Interviews with Daniel Pipes
The aftermath of attack in Gaza
Translations of this item:
The following is an edited transcript of a segment from Monday's edition of "CNN Newsnight with Aaron Brown." Daniel Pipes, Mideast scholar and director of Mideast Forum, a think tank, speaks with CNN anchor Aaron Brown about the recent bombing in Gaza. In the attack, an Israeli F-16 warplane fired a missile that destroyed a house in which Salah Shehadeh, a leader of the Islamic extremist group Hamas, was believed to be living. Shehadeh and a bodyguard were killed - along with nine children and four other civilians.
Aaron Brown: We're joined from Philadelphia by Mideast scholar Daniel Pipes... . What do you make of the events today? This is... going to be difficult, I would think, for the Israelis to deal with.
Daniel Pipes: It certainly is. The Israelis have clearly made a mistake, and need to be more careful. It's a tragedy. We must all urge the Israelis to approach these problems more carefully.
That said, it is also important to realize that the Palestinians have the moral opprobrium here in having the leaders of their military in civilian areas. There is no distinction, and they are making it - I think on purpose - a target for the Israelis so that when the Israelis do strike, it's likely that they will have civilian casualties.
So, the Israelis have got to be more careful, but the Palestinians are not playing fair. You don't put your military men in houses with children.
Brown: I want to understand this because this strikes me as a bit of a stretch. You got a guy apparently at home with his wife and children. Now, other than walking around the streets with a target on his back, what is it he's supposed to be doing?
Pipes: Military installations in the Palestinian areas are consistently found in civilian areas. So, what one finds all the time is the Israelis are trying very hard to avoid... inflicting casualties.
You remember, a few months ago, some 13 Israelis were killed because they fell into a booby trap. So, it happens both ways.

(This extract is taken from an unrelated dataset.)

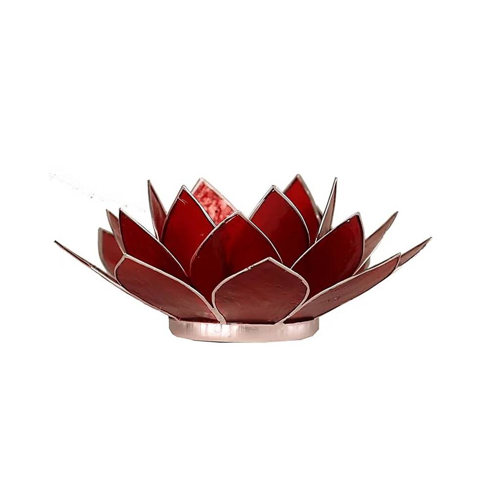 Lotusblomma för värmeljus, chakra 1 röd silverkant, 13,5 cm
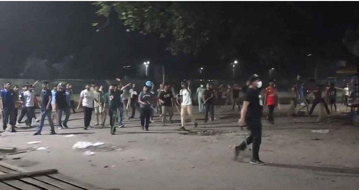 এসময় উভয়পক্ষের মধ্যে ইট-পাটকেল নিক্ষেপ চলতে থাকে, পুরো এলাকা যেন যুদ্ধক্ষেত্রের রূপ নেয়। পরিস্থিতি নিয়ন্ত্রণে ঢাবির ডাকসু সহ-সভাপতি সাদিক কায়েমসহ ছাত্রনেতারা উপস্থিত হয়ে শান্তি প্রতিষ্ঠার চেষ্টা করেন। পাশাপাশি, পুলিশও বিপুল সংখ্যক সদস্য নিয়ে এলাকাটি ঘেরাও করে রাখে।

I mean, I'm in no way apologizing for what the Israelis have done... I'm just saying there's a context, and it's one which is tragic.
But it's one in which this man, Salah Shehadeh, had a very important role. He is one of the founders of the military wing of Hamas. He was in an Israeli jail for 14 years, from 1984 to 1998. He was a close associate of the leader of Hamas, Ahmed Yassin. He was, as was indicated earlier, on the top of the Israelis' most wanted list for some months now. The Israelis did blow up his house actually in December of last year. He was their target and... I think it's fair to say, he made sure that he was surrounded by his wife, his children and other civilians.
Brown: Would you agree that the end result of this - whether it was a good move, bad move, stupid... - is simply going to be more violence on both sides, that that is the natural outcome of this sort of event?
Pipes: No. I think I disagree, Aaron. Because I don't think it's a state of peace that's interrupted by the occasional, spasmodic event of violence. I think there's a war taking place and there are occasional lulls in that war. And the key question is not "When is the next act of violence going take place?" The key questions are "Who is winning this war? Who is losing this war? What are the implications of that?"
This is war. And we should expect more violence. It's a war that has been going on now for almost two years, since September of the year 2000.